CONTRAINDICATIONS Bivalirudin for injection is contraindicated in patients with: • Active major bleeding; • Hypersensitivity (e.g., anaphylaxis) to bivalirudin for injection or its components [see Adverse Reactions (6.3) ] . • Active major bleeding ( 4 ) • Hypersensitivity to bivalirudin or its components ( 4 )

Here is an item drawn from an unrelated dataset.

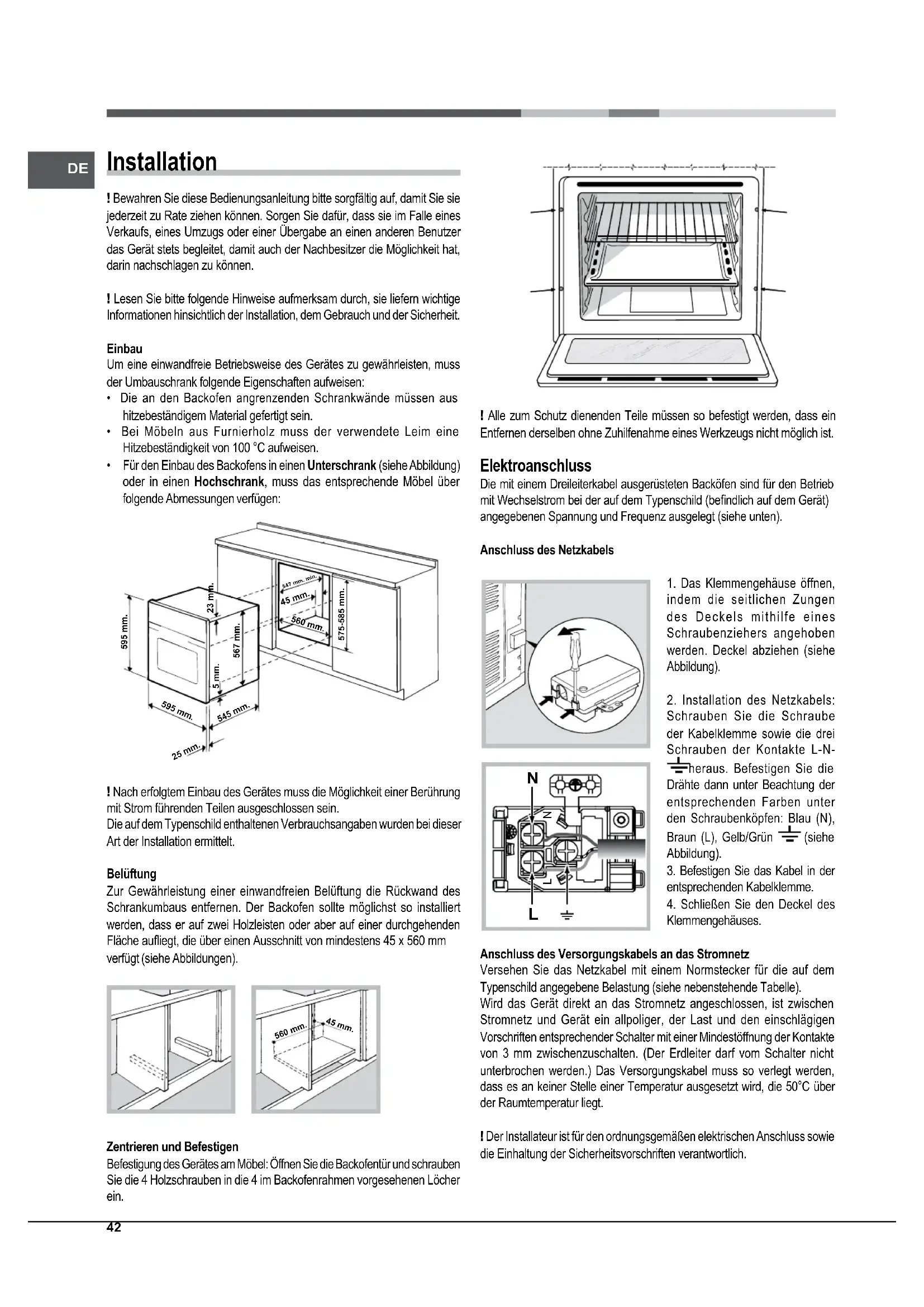 - Für den Einbau des Backofens in einen Unterschrank (siehe Abbildung) oder in einen Hochschrank, muss das entsprechende Möbel über folgende Abmessungen verfügen: 595 mm. 595 mm. 25 mm. 545 mm.5 mm.567 mm.23 mm.575-585 mm.45 mm.560 mm.547 mm. min. ! Nach erfolgtem Einbau des Gerätes muss die Möglichkeit einer Berührung mit Strom führenden Teilen ausgeschlossen sein. Die auf dem Typenschild enthaltenen Verbrauchsangaben wurden bei dieser Art der Installation ermittelt. Belüftung Zur Gewährleistung einer einwandfreien Belüftung die Rückwand des Schrankumbaus entfernen. Der Backofen sollte möglichst so installiert werden, dass er auf zwei Holzleisten oder aber auf einer durchgehenden Fläche auiegt, die über einen Ausschnitt von mindestens 45 x 560 mm verfügt (siehe Abbildungen). 560 mm. 45 mm. Zentrieren und Befestigen Befestigung des Gerätes am Möbel: Öffnen Sie die Backofentür und schrauben Sie die 4 Holzschrauben in die 4 im Backofenrahmen vorgesehenen Löcher ein. ! Alle zum Schutz dienenden Teile müssen so befestigt werden, dass ein Entfernen derselben ohne Zuhilfenahme eines Werkzeugs nicht möglich ist. Elektroanschluss Die mit einem Dreileiterkabel ausgerüsteten Backöfen sind für den Betrieb mit Wechselstrom bei der auf dem Typenschild (bendlich auf dem Gerät) angegebenen Spannung und Frequenz ausgelegt (siehe unten). Anschluss des Netzkabels

Mechanism of Action Bivalirudin directly inhibits thrombin by specifically binding both to the catalytic site and to the anion-binding exosite of circulating and clot-bound thrombin. Thrombin is a serine proteinase that plays a central role in the thrombotic process, acting to cleave fibrinogen into fibrin monomers and to activate Factor XIII to Factor XIIIa, allowing fibrin to develop a covalently cross-linked framework, which stabilizes the thrombus; thrombin also activates Factors V and VIII, promoting further thrombin generation, and activates platelets, stimulating aggregation and granule release. The binding of bivalirudin to thrombin is reversible as thrombin slowly cleaves the bivalirudin-Arg 3 -Pro 4 bond, resulting in recovery of thrombin active site functions. In in vitro studies, bivalirudin inhibited both soluble (free) and clot-bound thrombin, was not neutralized by products of the platelet release reaction, and prolonged the activated partial thromboplastin time (aPTT), thrombin time (TT), and prothrombin time (PT) of normal human plasma in a concentration-dependent manner. The clinical relevance of these findings is unknown.